Chronic stress dirsorder examples

  1. Headaches during the weekend or during vacation – sudden decrease of stress levels outside of work can cause headaches.
  2. Bruxism (grinding or clenching of the teeth) – people clench their teeth under stress. This can lead not only to jaw pains, but also to increased wearing down of the teeth. At night, during sleep and due to the lack of conscious control, this process is more pronounced, leading to bruxism – grinding of the teeth. 
  3. Nightmares – during the night, our dreams have a tendency to gradually improve, so that in the morning we usually wake up in a better mood than we were in the previous night. Stress causes more frequent waking during the night, interrupting sleep and provoking reoccurrence of nightmares. 
  4. Bleeding gums – stress increases the risk of periodontal disease. High levels of cortisol (stress hormone) damage the immune system and enable bacteria in the mouth to easily multiply. 
  5. Blackheads – stress increases inflammation processes in the skin, leading to the appearance of breakouts. 
  6. Itching of the skin – a recent study by Japanese scientists, conducted on more than 2000 people, showed that people suffering from chronic itching were twice as susceptible to stress. Besides the fact that itching alone can provoke a stressful reaction, the experts agree that there is a high likelihood that feelings of anxiety and tension intensify the causes underlying skin diseases such as dermatitis, eczema, and psoriasis. 
  7. Worsening of allergic reactions – stress hormones stimulate the production of immunoglobulin E, which acts to provoke allergic reactions. 
  8. Stomach pains – anxiety and stress can cause stomach pains, intestinal pain, as well as pain in other parts of the body – head, back, and can also provoke insomnia. 

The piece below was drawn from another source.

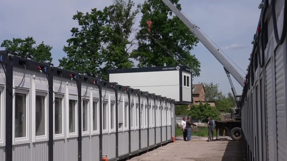 Workers continued to install temporary mobile homes on Wednesday at a site in Borodyanka in Ukraine. Officials said 88 mobile buildings had been installed on land at a local stadium to accommodate residents who lost their houses during the conflict. Borodyanka administration representative said the temporary buildings have the potential to accommodate 350 residents. He added however, that more than 700 families wished to move in. Authorities are planning to install two similar sites of temporary buildings in an effort to accommodate everyone
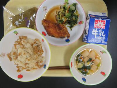 【今日の献立】筍ご飯 魚の竜田揚げ ごま和え すましじる 柏餅 牛乳

What to do about stress disorder? First, you need to understand the underlying cause, and if possible to remove it. At the same time, experts advise to work on optimizing one’s daily schedule, relying on help and support from family and friends. It is also important to take care of oneself – to rest, to engage in physical exercise, to practice meditation.  
In some cases, stress disorder reaches such high levels that it leads to development of serious diseases where medical help and treatment is required (e.g., herbs or medications). If you find it hard to get rid of the feelings of anxiety or if you notice symptoms of depression, feel dissatisfied or disappointed in your behavior or behavior of people close to you, or if you simply feel a need for professional advice, talk to your doctor. 

In any case, you should not allow stress to harm your health. Seeking help in a timely manner will help you quickly resume a healthy, happy life.